#### DATASET EXCERPTS
# # # # #
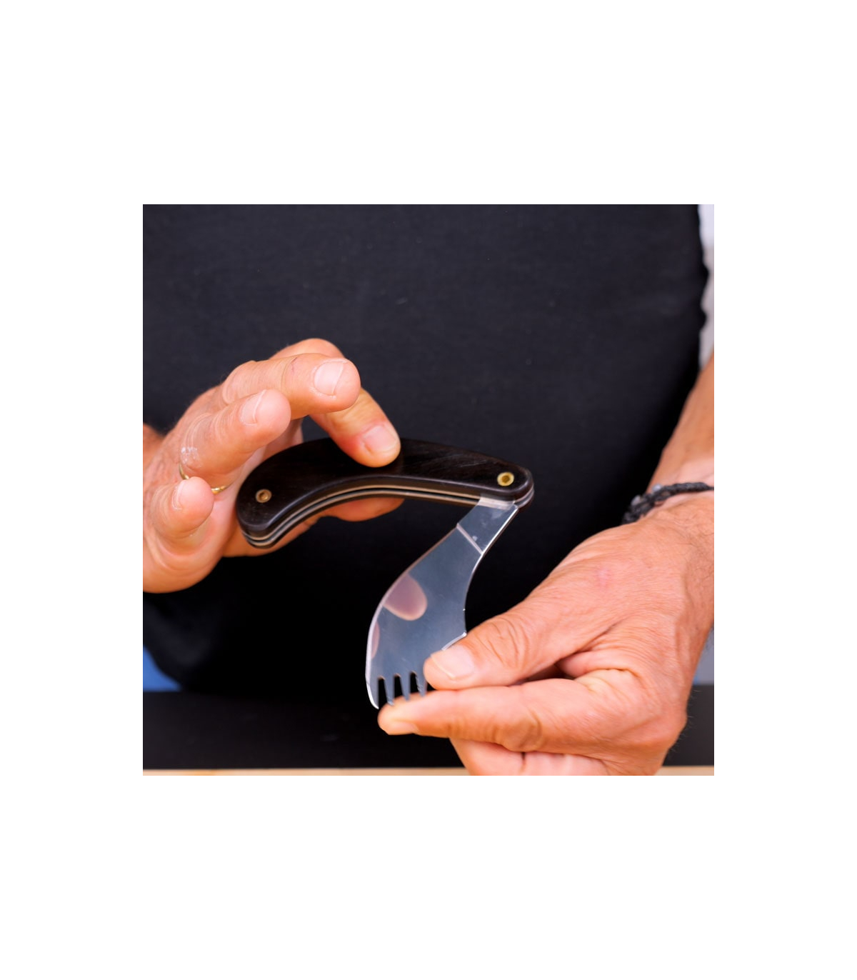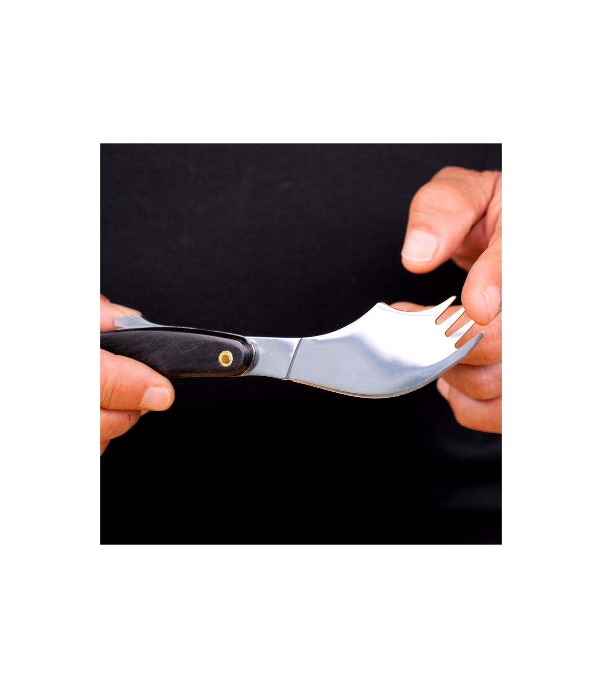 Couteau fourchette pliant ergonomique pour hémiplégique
# # # # #
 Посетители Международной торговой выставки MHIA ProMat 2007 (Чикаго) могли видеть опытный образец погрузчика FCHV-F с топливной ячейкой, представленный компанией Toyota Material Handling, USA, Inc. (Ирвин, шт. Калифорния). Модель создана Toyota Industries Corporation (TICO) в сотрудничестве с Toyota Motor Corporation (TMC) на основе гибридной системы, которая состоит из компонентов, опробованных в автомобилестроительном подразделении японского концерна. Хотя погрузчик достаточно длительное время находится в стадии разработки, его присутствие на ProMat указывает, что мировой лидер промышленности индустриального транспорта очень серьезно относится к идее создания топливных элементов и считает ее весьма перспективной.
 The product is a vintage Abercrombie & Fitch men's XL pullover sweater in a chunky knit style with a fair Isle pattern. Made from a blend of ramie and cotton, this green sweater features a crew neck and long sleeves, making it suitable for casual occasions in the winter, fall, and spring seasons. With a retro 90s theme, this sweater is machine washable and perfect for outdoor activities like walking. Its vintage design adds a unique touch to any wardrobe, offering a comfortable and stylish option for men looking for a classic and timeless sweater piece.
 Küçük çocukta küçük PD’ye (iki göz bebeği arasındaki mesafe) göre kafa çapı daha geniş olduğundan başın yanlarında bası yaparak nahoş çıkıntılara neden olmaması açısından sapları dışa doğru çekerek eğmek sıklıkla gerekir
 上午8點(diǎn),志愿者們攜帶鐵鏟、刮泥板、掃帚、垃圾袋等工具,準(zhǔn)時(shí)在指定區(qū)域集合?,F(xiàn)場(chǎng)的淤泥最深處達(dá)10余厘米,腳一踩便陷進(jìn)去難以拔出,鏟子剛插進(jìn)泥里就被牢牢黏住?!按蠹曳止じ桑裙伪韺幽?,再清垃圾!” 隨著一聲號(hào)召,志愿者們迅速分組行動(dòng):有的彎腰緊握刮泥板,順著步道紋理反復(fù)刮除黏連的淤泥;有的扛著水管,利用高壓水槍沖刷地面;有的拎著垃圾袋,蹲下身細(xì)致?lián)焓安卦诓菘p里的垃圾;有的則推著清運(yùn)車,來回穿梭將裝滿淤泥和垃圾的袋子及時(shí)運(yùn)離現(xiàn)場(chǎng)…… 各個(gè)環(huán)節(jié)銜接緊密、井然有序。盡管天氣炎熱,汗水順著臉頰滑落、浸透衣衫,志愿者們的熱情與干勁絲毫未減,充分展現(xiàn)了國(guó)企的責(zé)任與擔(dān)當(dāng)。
# # # # #
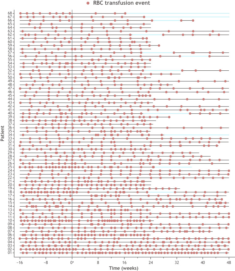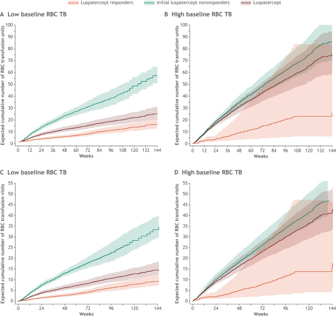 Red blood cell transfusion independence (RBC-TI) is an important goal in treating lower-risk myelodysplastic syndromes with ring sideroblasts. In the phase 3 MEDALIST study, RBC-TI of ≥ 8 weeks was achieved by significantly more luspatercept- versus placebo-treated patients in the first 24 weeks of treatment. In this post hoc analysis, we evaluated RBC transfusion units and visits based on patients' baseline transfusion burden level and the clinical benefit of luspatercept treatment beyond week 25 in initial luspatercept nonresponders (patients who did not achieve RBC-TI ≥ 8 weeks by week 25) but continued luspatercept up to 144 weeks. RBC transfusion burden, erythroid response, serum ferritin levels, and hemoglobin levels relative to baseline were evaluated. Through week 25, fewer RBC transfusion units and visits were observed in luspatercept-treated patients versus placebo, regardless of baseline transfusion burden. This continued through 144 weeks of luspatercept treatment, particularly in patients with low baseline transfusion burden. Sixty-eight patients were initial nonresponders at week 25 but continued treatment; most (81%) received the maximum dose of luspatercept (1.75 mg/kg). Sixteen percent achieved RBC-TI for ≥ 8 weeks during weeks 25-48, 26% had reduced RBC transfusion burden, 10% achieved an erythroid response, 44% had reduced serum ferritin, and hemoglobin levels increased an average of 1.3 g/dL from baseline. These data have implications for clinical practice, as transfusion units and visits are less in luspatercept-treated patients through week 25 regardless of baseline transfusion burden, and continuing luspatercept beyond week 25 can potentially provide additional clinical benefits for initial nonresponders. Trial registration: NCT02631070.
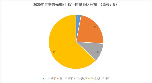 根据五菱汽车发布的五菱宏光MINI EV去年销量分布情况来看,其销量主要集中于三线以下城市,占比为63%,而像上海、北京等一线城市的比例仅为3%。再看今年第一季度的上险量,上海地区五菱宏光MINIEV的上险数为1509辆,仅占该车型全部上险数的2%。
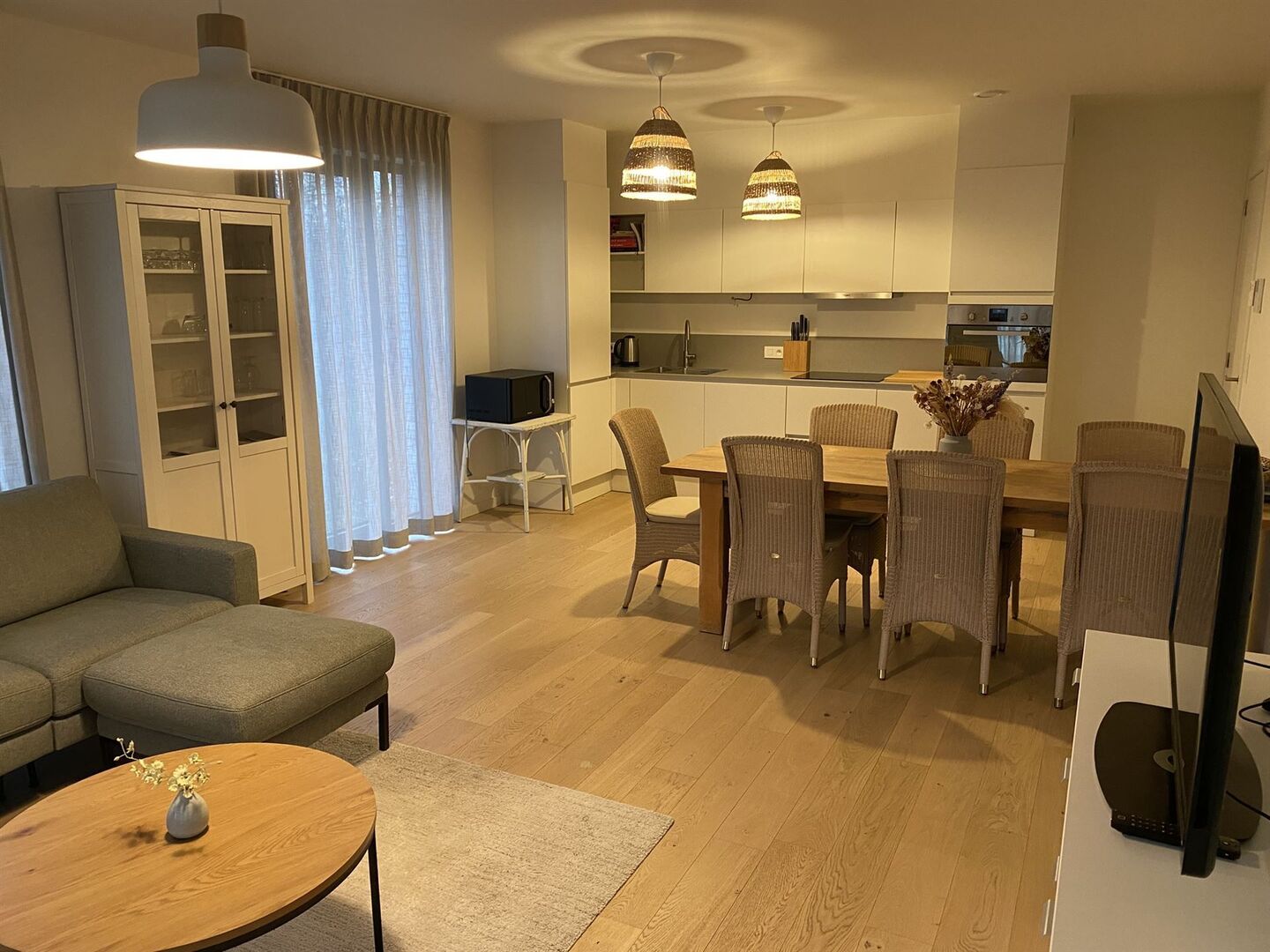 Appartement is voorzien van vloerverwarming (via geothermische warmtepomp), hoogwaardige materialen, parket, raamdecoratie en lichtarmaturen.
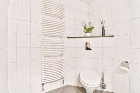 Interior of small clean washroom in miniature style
# # # # #
#### THE TASK
Beginning at the line that has "Appartement is voorzien" and ending at the line that has "Interior of small", restate the listing above word for word, pictures left out.

#### SOLUTION BELOW
 Appartement is voorzien van vloerverwarming (via geothermische warmtepomp), hoogwaardige materialen, parket, raamdecoratie en lichtarmaturen.
 Interior of small clean washroom in miniature style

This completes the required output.